Lunch boxes are suitable for the working class who do not have the luxury of time to take longer hours for lunch or simply do not want to go through the trouble of stepping out of their office.

Quality: Meals are cooked an hour prior to the delivery time so that it could be served warm. It's packed in bio-degradable food containers that are microwave safe should they choose to re-heat their meals for later consumption. Affordability: Meals are priced reasonably with no delivery charge incurred to customers.

Choices: Customers get to choose various of different cuisine which includes local Malaysian food, Japanese, Korean, as well as Western. There will also be light snacks

which include sandwiches available for those who do not want a full meal.

Simplicity: Our website is designed to be simple and easy to navigate with minimal buttons and promotional ads. Below are the drafted designs for our website: Image 1: Front page. Simple with only 5 pages to navigate. Image 2: Customers can quickly look at the list to find out if their location is thin our delivery areas.

Image 3: Simple 4-steps for our customers to place their order.

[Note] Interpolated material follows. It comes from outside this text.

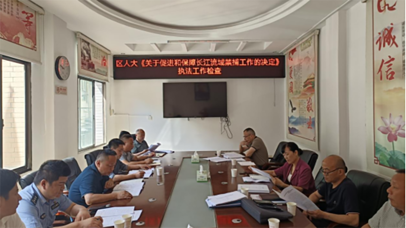 5月14日,区人大常委会副主任贾东晖带队到会龙山街道检查《关于促进和保障长江流域禁捕工作的决定》的执法情况。

Image 4: There are 4 categories for customers to browse through. With 3 categories as the type Of cuisine and 1 category for those who want light snacks. Image 5: The direct lines and emails of our customer service team are displayed so that customers can contact them if they have any questions or feedback. 5.

1 Potential Customers Our potential customers are divided into the following 3 category: II Working class: These are the people who work in commercial buildings such s offices and banks.

SOHO: These are commonly freelancers and entrepreneurs who work from the comfort of their home. Residents: These are residents in high-rise condominiums and apartments in the city centre. 5. 2 Business Model Purchase raw materials from food wholesalers Food Preparation and Menu updates in Website Customers Place Orders Cooks Prepare Meals as per Customers' Orders Meals Are Packed and Delivery is Made Diagram 1: Meal Box Business Model As shown in Diagram 1, our business model is comprehensive as we are the producer, marketer and distributor of our lunch boxes.

It started with purchase of raw ingredients needed and menu preparation.

Once customers place their orders, cooks will prepare the meals

accordingly. Meals are then packed and distributed to areas we pre-assigned to ensure timely delivery. With our online ordering system, everything range from orders to sales and customer data are recorded, thereby cutting down time wasted in documenting our processes. The system will also assist us managing customer relationships, ensuring that we receive their feedback promptly and is able to rectify any arising issues.